简体   繁体   English

使用正则表达式或 python 函数提取两个字符串的所有相同对之间的所有字符串

[英]Extract all strings in between between all same pairs of the two string using regex or python functions

I am trying to use regex or python functions to extract all the bolded texts, or texts in between ' and <=.我正在尝试使用正则表达式或 python 函数来提取所有粗体文本或介于 ' 和 <= 之间的文本。

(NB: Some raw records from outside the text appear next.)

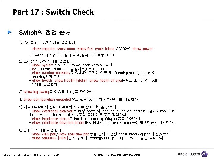 Part 17 : Switch Check Switch의 점검 순서 1) Switch의 H/W 상태를 점검한다. - show module, show cmm, show fan, show fabric(OS 8800), show power - Switch 외관상 LED 상태 점검(황색 LED 점등 여부) 2) Switch의 S/W 상태를 점검한다. - show system : switch uptime, code version 확인 - ls로 /flash에 dump file 생성여부(PMD, Error) - show running-directory로 CMM의 동기화 여부 및 Running configuration 이 working인지 확인 - show health, show health [slot#], show health all cpu등으로 Switch의 health 상태를 점검한다. 3) show log swlog를 이용해서 log를 확인한다. 4) show configuration snapshot으로 전체 config의 변화 유무를 확인한다. 5) 하위 Layer에서 상위Layer로의 순서로 장애 원인을 찾는다. - show interfaces slot/port로 해당 port에서 inbound/outbound packet이 증가하는지 또는 broadcast, unicast, multicast등의 증가 여부 등을 점검한다. - show interfaces status로 Interface autonego/duplex등을 확인한다. - show interfaces counters errors를 이용해서 Interface의 error등이 발생하는지 확인한다. 6) STP의 상태를 확인한다. - show vlan port/show spantree port등을 통해서 정상적으로 blocking port가 생겼는지 - show spantree [num]을 이용해서 topology change, topology age등을 점검한다. Alcatel-Lucent - Enterprise Solutions Division 43 All Rights Reserved © Alcatel-Lucent 2007, #####
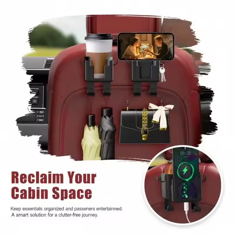 Portabicchieri per Auto 6 in 1 con 4 Ganci, Supporto per Bevande da Appendere al Poggiatesta, Supporto Universale per Bottiglie sul Sedile Posteriore con Supporto per Telefono
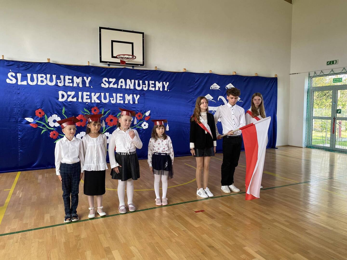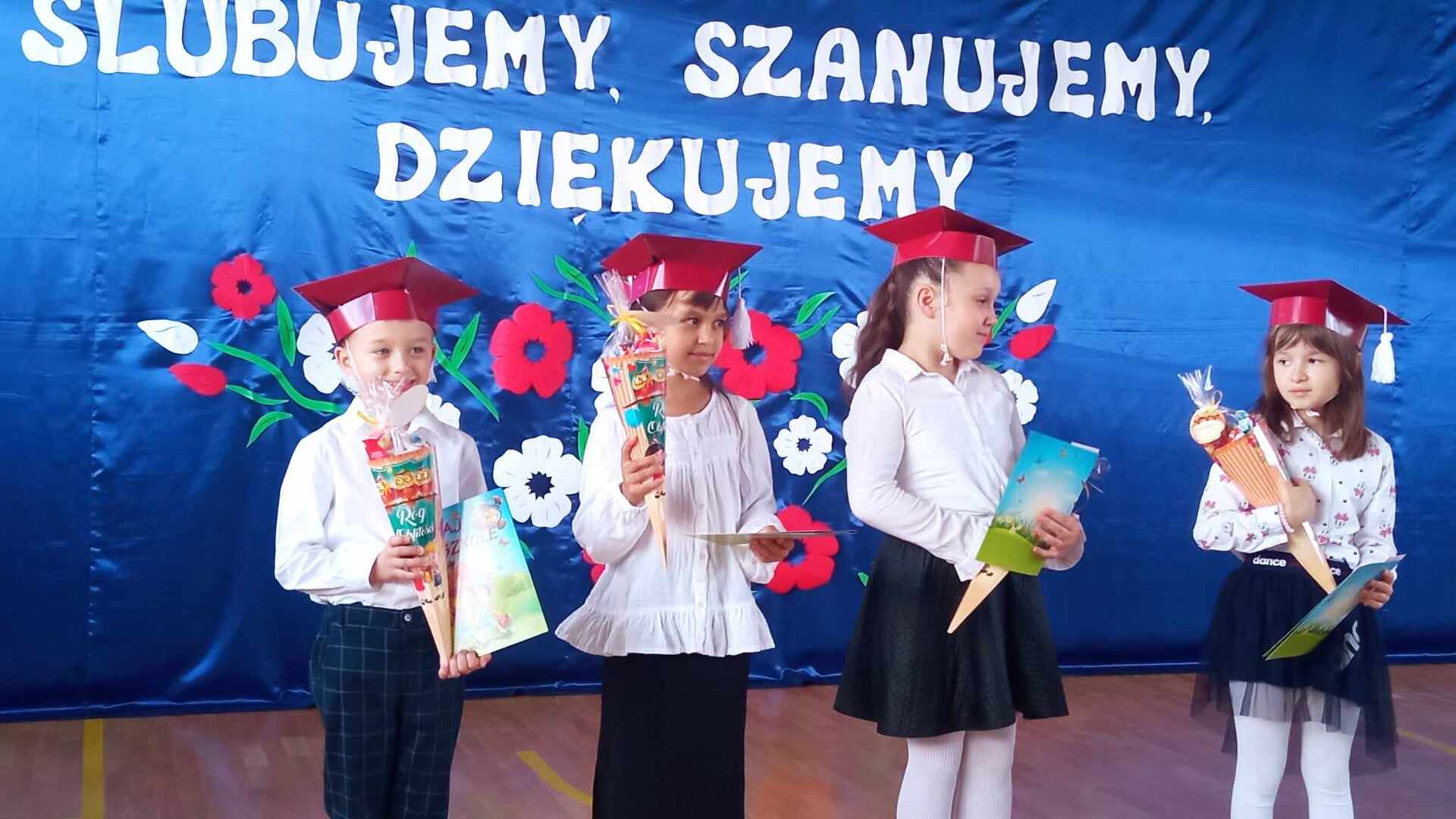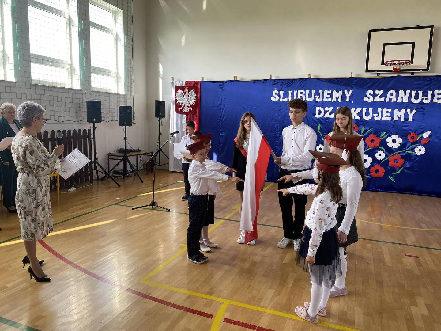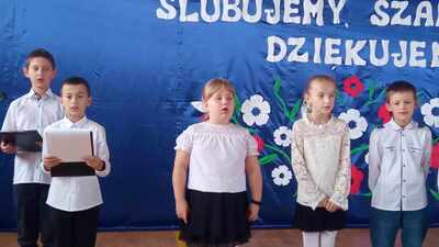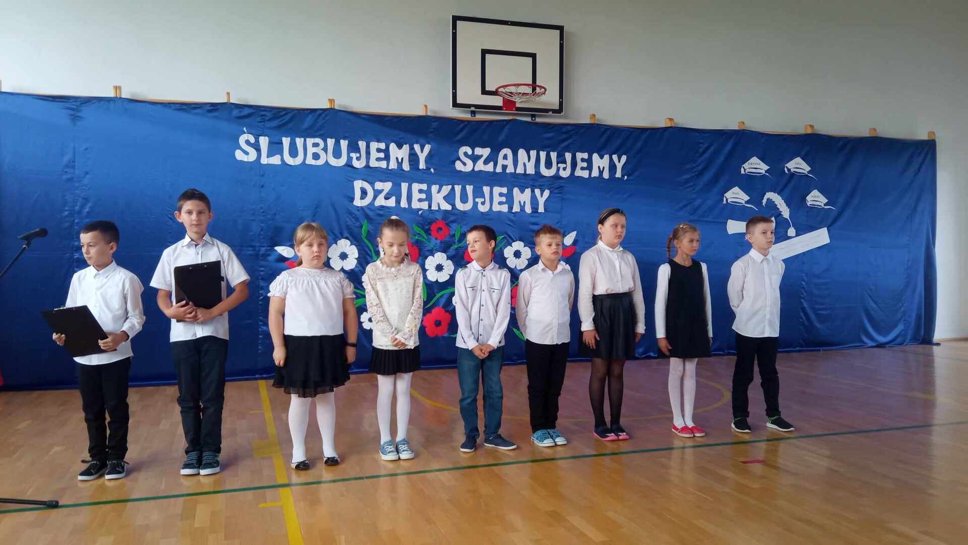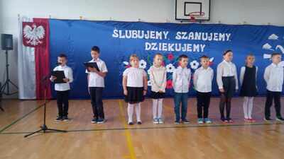 13 października 2023 uroczyście świętowaliśmy Dzień Edukacji Narodowej. Przed zgromadzoną społecznością szkolną uczniowie klasy II i III zaprezentowali wiersze i piosenki z podziękowaniami dla wszystkich nauczycieli i pracowników oświaty, za pasję i entuzjazm w tworzeniu jak najlepszej jakości pracy szkoły. Najmłodsi uczniowie naszej szkoły przeżyli pierwszą ważną uroczystość - pasowanie na ucznia czyli włączenie do braci uczniowskiej. Zanim pierwszaki przystąpiły do aktu ślubowania, śpiewająco zdały "egzamin" na ucznia naszej szkoły. Pani Dyrektor Alina Omelczuk oficjalnie dokonała aktu pasowania na ucznia, a następnie przeczytała list z okazji Dnia Edukacji Narodowej w imieniu Pani Wójt Marzeny Czubaj-Gancarz. Na koniec głos zabrała przedstawicielka Rady Rodziców Beata Gwizdała dziękując nauczycielom za trud i życząc powodzenia i wytrwałości w codziennej pracy. Samorząd Uczniowski dla wszystkich nauczycieli i pracowników niepedagogicznych przygotował drobny upominek i przypinki z napisem "Nauczyciel na Medal". Uczniów przygotowały panie Jolanta Grzesik i Małgorzata Padyjasek.
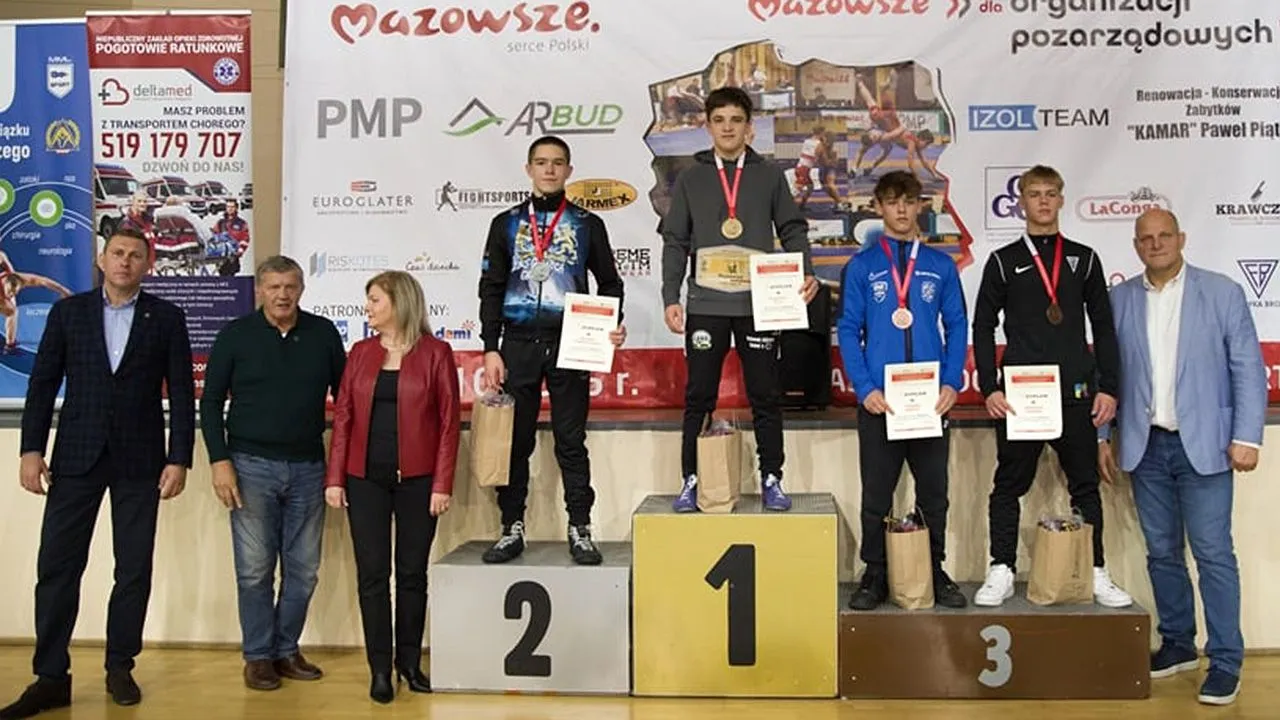 III miejsce Mate Kukuladze zawodnik Stowarzyszenie Akademia Zapasów Nowy Tomyśl
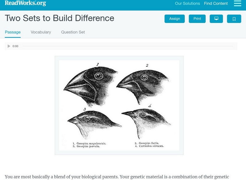 [Free Registration/Login Required] An informational text about Charles Darwin's research on trait variations in the Galapagos Islands. A question sheet is available to help students build skills in reading comprehension.
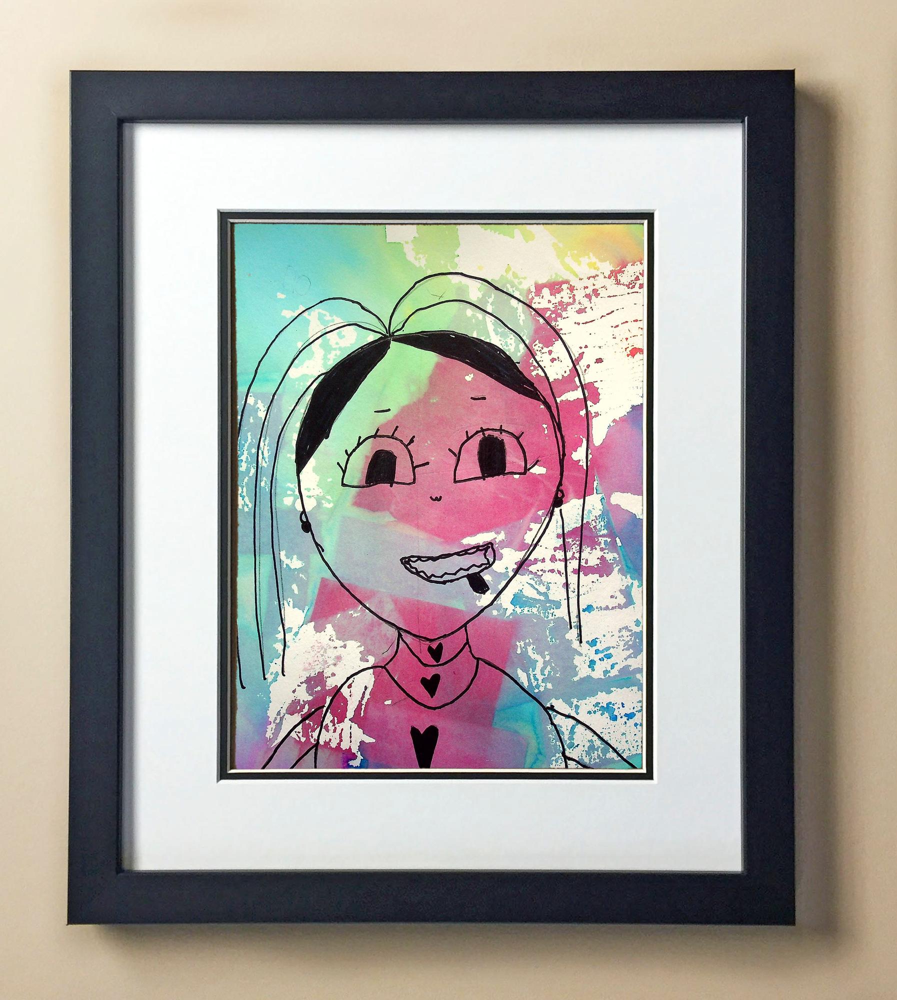 Included with the purchase is the Students Artwork, Frame, double matboard, shatter proof plexiglass, and a ready to hang backerboard with turnbuttons
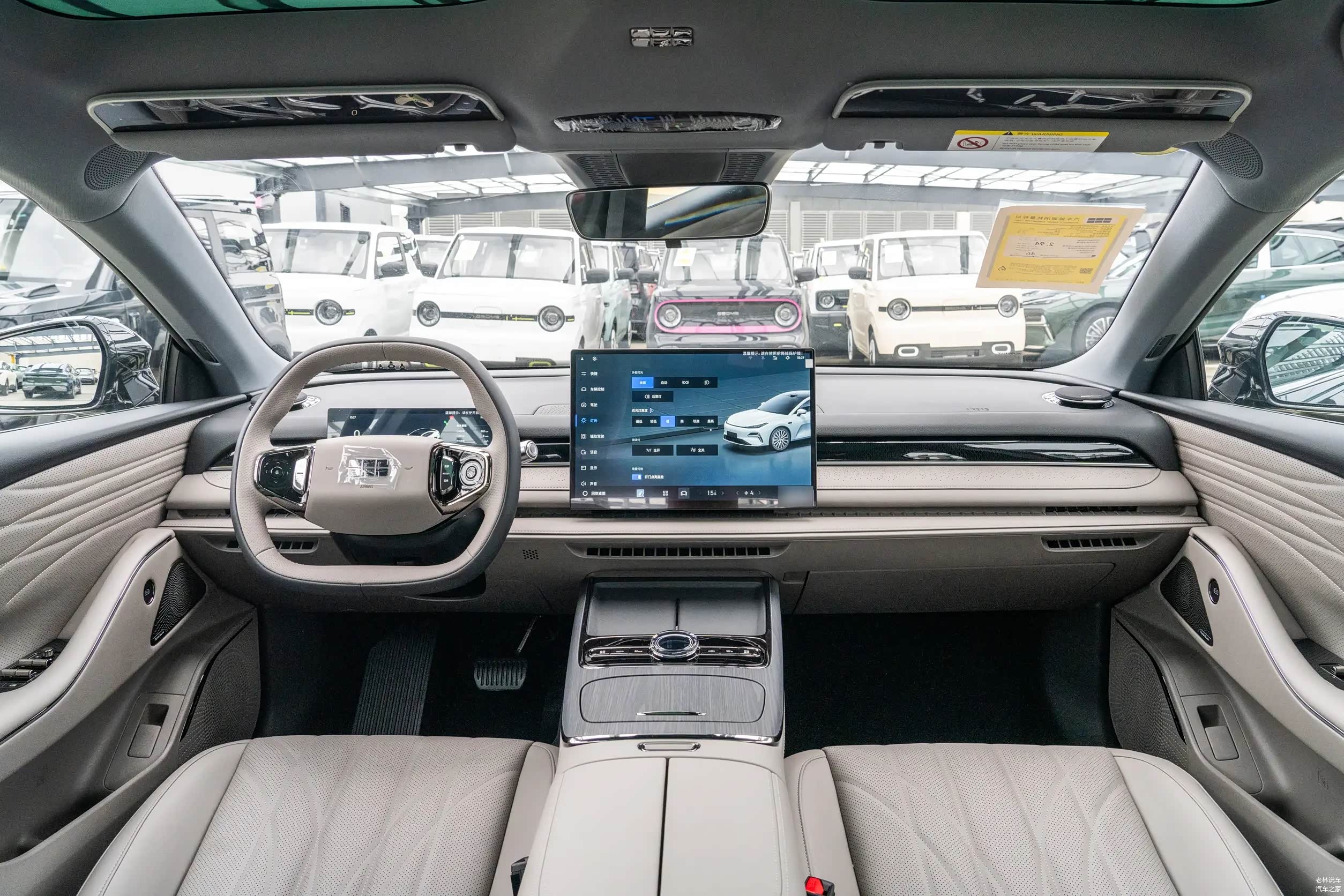 内饰方面,虽然是标配车型,但内饰看上去和高配车型也没有什么两样,配备了10.2英寸液晶仪表盘和15.4英寸悬浮式中控屏幕,支持360度全景影像、180度透明底盘、高德地图、全速自适应巡航、双区域语音识别控制、手势控制、DeepSeek大模型、4G车联网、手机控车和OTA升级等,功能够用。不过前排地台上的面板并非手机无线充电,只能放手机。
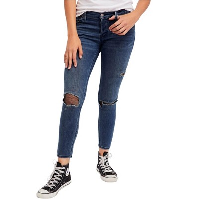 Free People Womens Fishnet-Inset Skinny Fit Jeans
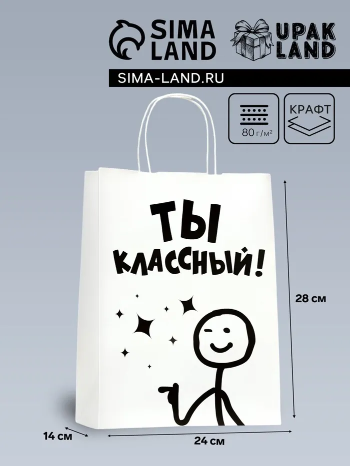 Пакет подарочный «Классный!», 24×14×28 см — Характеристики
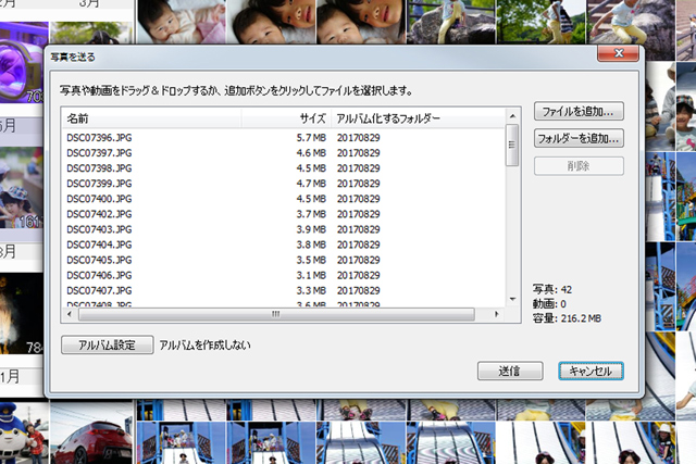 ファイル/フォルダから追加するもよし、ドラッグ&ドロップで「写真を送る」ウィンドウ内に突っ込んでもよし。
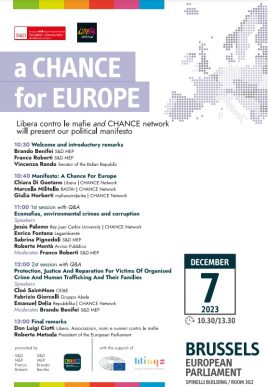“Una Chance per l’Europa”: i 5 punti e le 12 proposte del Manifesto politico di Libera. Associazioni, nomi e numeri contro le mafie e delle associazioni della società civile europea riunite nella rete Chance – Civil Hub Against orgaNised Crime in Europe, viene presentato oggi presso l’edificio Spinelli del Parlamento europeo. Sono presenti, tra gli altri, Roberta Metsola, presidente del Parlamento europeo, Luigi Ciotti, presidente di Libera, eurodeputati e rappresentanti della società civile. L’evento, ospitato dagli eurodeputati Franco Roberti e Brando Benifei, “è l’occasione per avviare un dibattito su cinque questioni fondamentali per contrastare la criminalità organizzata, che è necessario porre in cima all’agenda politica europea”. Si svolgono due sessioni tematiche, una sull’accesso alla giustizia e sulla protezione delle vittime della criminalità e della tratta di esseri umani, l’altra su corruzione, ecomafie e crimini ambientali. “L’iniziativa – precisano i promotori – fa parte di un percorso di avvicinamento alle elezioni del Parlamento europeo del 2024 e avviene nell’ambito del progetto finanziato con fondi della Commissione europea Eu Youth in Action, per il quale le associazioni di Chance hanno tenuto, nel corso dell’anno, 12 tavole rotonde di sensibilizzazione e advocacy in altrettante città europee, contribuendo a consolidare gli spazi di dialogo tra società civile responsabile e istituzioni, a livello locale e nazionale, sulle cinque questioni che oggi sono sottoposte all’attenzione delle istituzioni europee”.

"[Text(447.1153846153846, 471.625, ' the <= 0.5\nentropy = 0.97\nsamples = 100.0%\nvalue = [0.399, 0.601]\nclass = True News'), Text(238.46153846153845, 336.875, ' donald <= 0.5\nentropy = 0.921\nsamples = 83.7%\nvalue = [0.336, 0.664]\nclass = True News'), Text(119.23076923076923, 202.125, ' hillary <= 0.5\nentropy = 0.981\nsamples = 55.6%\nvalue = [0.42, 0.58]\nclass = True News'), Text(59.61538461538461, 67.375, '\n (...) \n'), Text(178.84615384615384, 67.375, '\n (...) \n'), Text(357.6923076923077, 202.125, ' hillary <= 0.5\nentropy = 0.663\nsamples = 28.2%\nvalue = [0.172, 0.828]\nclass = True News'), Text(298.0769230769231, 67.375, '\n (...) \n'), Text(417.30769230769226, 67.375, '\n (...) \n'), Text(655.7692307692307, 336.875, ' trumps <= 0.5\nentropy = 0.859\nsamples = 16.3%\nvalue = [0.718, 0.282]\nclass = Fake News'), Text(596.1538461538462, 202.125, ' hillary <= 0.5\nentropy = 0.821\nsamples = 15.7%\nvalue = [0.744, 0.256]\nclass = Fake News'), Text(536.5384615384615, 67.375 “[Text(447.1153846153846, 471.625, ' < = 0.5\nentropy = 0.97\nsamples = 100.0%\nvalue = [0.399, 0.601]\nclass = True News'), Text(238.46153846153845, 336.875, ' donald <= 0.5 nentropy = 0.921\nsamples = 83.7%\nvalue = [0.336, 0.664]\nclass = True News'), Text(119.23076923076923, 202.125, ' hillary <= 0.5\nentropy = 0.981\nsamples = 55.6%\nvalue = [0.42, 0.58]\nclass = True News'), Text(59.61538461538461, 67.375, '\n (...) \n'), Text(178.84615384615384, 67.375, '\n (...) \n'), Text( 357.6923076923077, 202.125, '希拉里<= 0.5\nentropy = 0.663\nsamples = 28.2%\nvalue = [0.172, 0.828]\nclass = True News'), Text(298.0769230769231, 67.375, '\n (...) \n '), Text(417.30769230769226, 67.375, '\n (...) \n'), Text(655.7692307692307, 336.875, ' trumps <= 0.5\nentropy = 0.859\nsamples = 16.3%\nvalue = [0.718, 0.282] \nclass = 假新闻'), Text(596.1538461538462, 202.125, ' hillary <= 0.5\nentropy = 0.821\nsamples = 15.7%\nvalue = [0.744, 0.256]\nclass = 假新闻'), Text(536.5384615384615, 67.375 , '\n (...) \n'), Text(655.7692307692307, 67.375, '\n (...) \n'), Text(715.3846153846154, 202.125, 'entropy = 0.0\nsamples = 0.6%\nvalue = [0.0, 1.0]\nclass = True News')]" , '\n (...) \n'), Text(655.7692307692307, 67.375, '\n (...) \n'), Text(715.3846153846154, 202.125, 'entropy = 0.0\nsamples = 0.6%\nvalue = [0.0, 1.0]\nclass = True News')]"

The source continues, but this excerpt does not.